[Recorded information Boundary: Start]
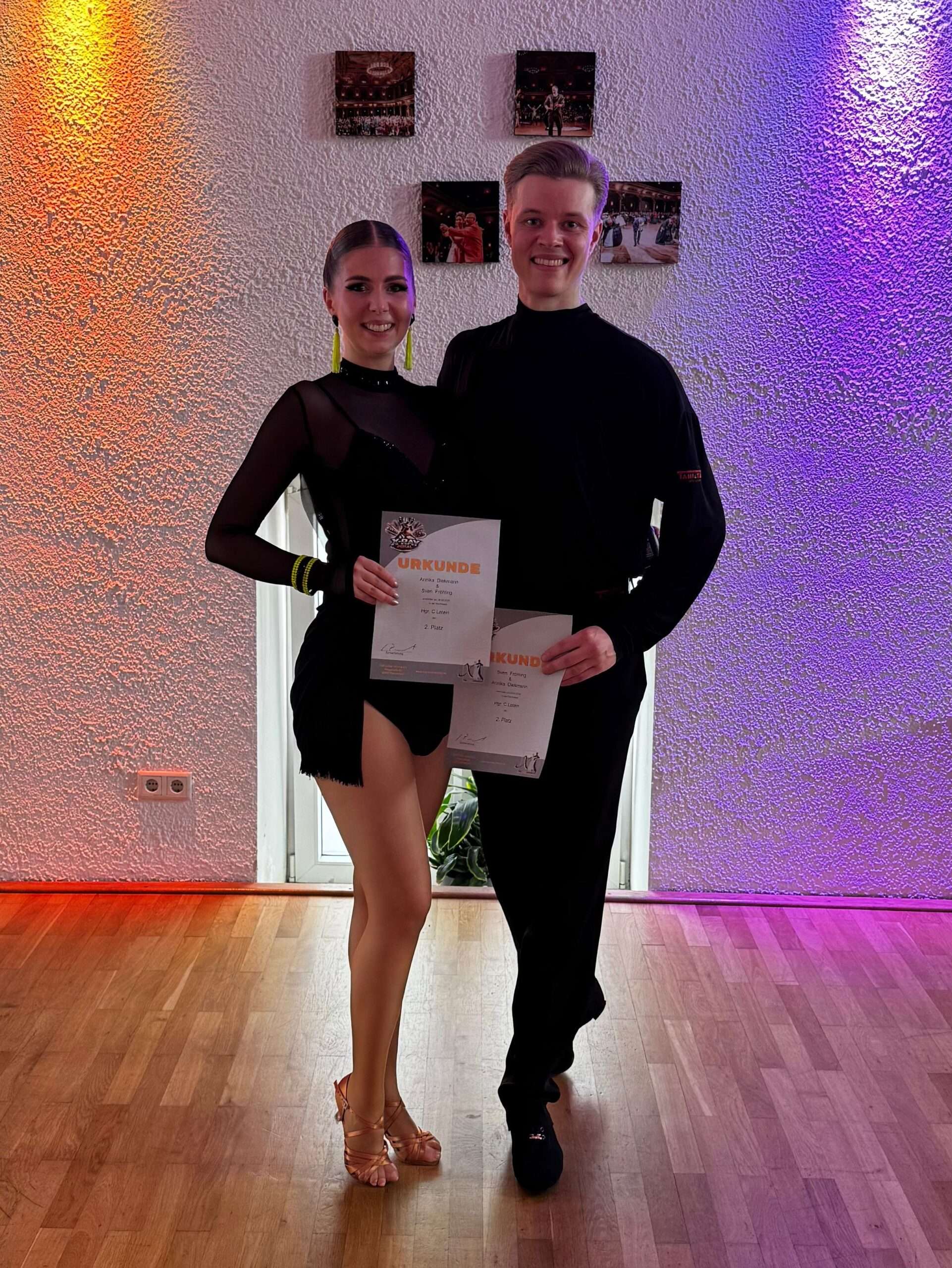 Für Sven und Annika hat sich die Teilnahme aber trotz allem gelohnt. Obwohl das Turnier ein echtes Ausdauertraining darstellte – sowohl in der Sichtungsrunde als auch im Finale gab es zwischen den einzelnen 5 Tänzen keine weiteren Pausen, nur die während des kurzen Applauses der Zuschauer und die Musik im Finale wurde um die 2 Minuten gespielt – , ertanzten die beiden sich den 2. Platz und sicherten sich damit eine weitere Platzierung.
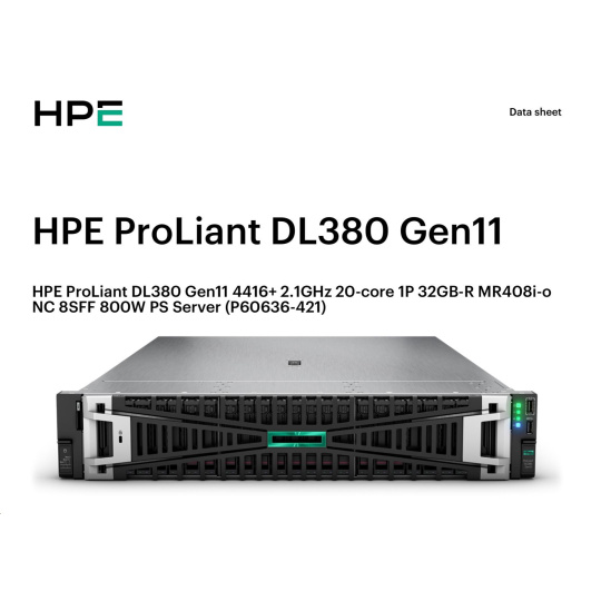 HPE PL DL380g11 4416+ (2.0/20C) 32G (P43328) MR408i-o/4G 8-26SFF 1000W 2p10G-T RENEW P60636R-421
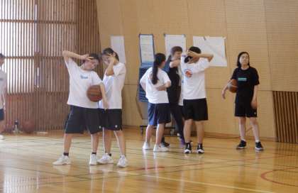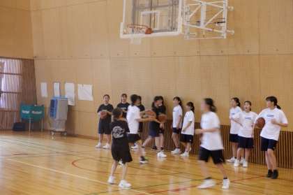 女子バスケットボール部の活動の様子です。カメラに向かってポーズをとってくれる生徒も。とにかく明るい女子バスケットボール部員です!
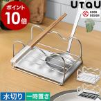 [ UtaU キッチンマルチスタンド ]特典付 お玉置き キッチン収納 鍋ふたスタンド 菜箸 キッチンツール 水切りトレー 一時置き ちょい置き ステンレス製 ウタウ
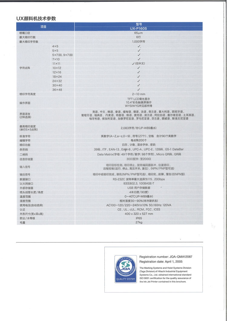 日立噴碼機(jī)UX系列
[Recorded information Boundary: End]
Task to carry out:
Copy out the preceding entries without a single change, leaving out the pictures.

Result of this task:
 Für Sven und Annika hat sich die Teilnahme aber trotz allem gelohnt. Obwohl das Turnier ein echtes Ausdauertraining darstellte – sowohl in der Sichtungsrunde als auch im Finale gab es zwischen den einzelnen 5 Tänzen keine weiteren Pausen, nur die während des kurzen Applauses der Zuschauer und die Musik im Finale wurde um die 2 Minuten gespielt – , ertanzten die beiden sich den 2. Platz und sicherten sich damit eine weitere Platzierung.
 HPE PL DL380g11 4416+ (2.0/20C) 32G (P43328) MR408i-o/4G 8-26SFF 1000W 2p10G-T RENEW P60636R-421
 女子バスケットボール部の活動の様子です。カメラに向かってポーズをとってくれる生徒も。とにかく明るい女子バスケットボール部員です!
 [ UtaU キッチンマルチスタンド ]特典付 お玉置き キッチン収納 鍋ふたスタンド 菜箸 キッチンツール 水切りトレー 一時置き ちょい置き ステンレス製 ウタウ
 日立噴碼機(jī)UX系列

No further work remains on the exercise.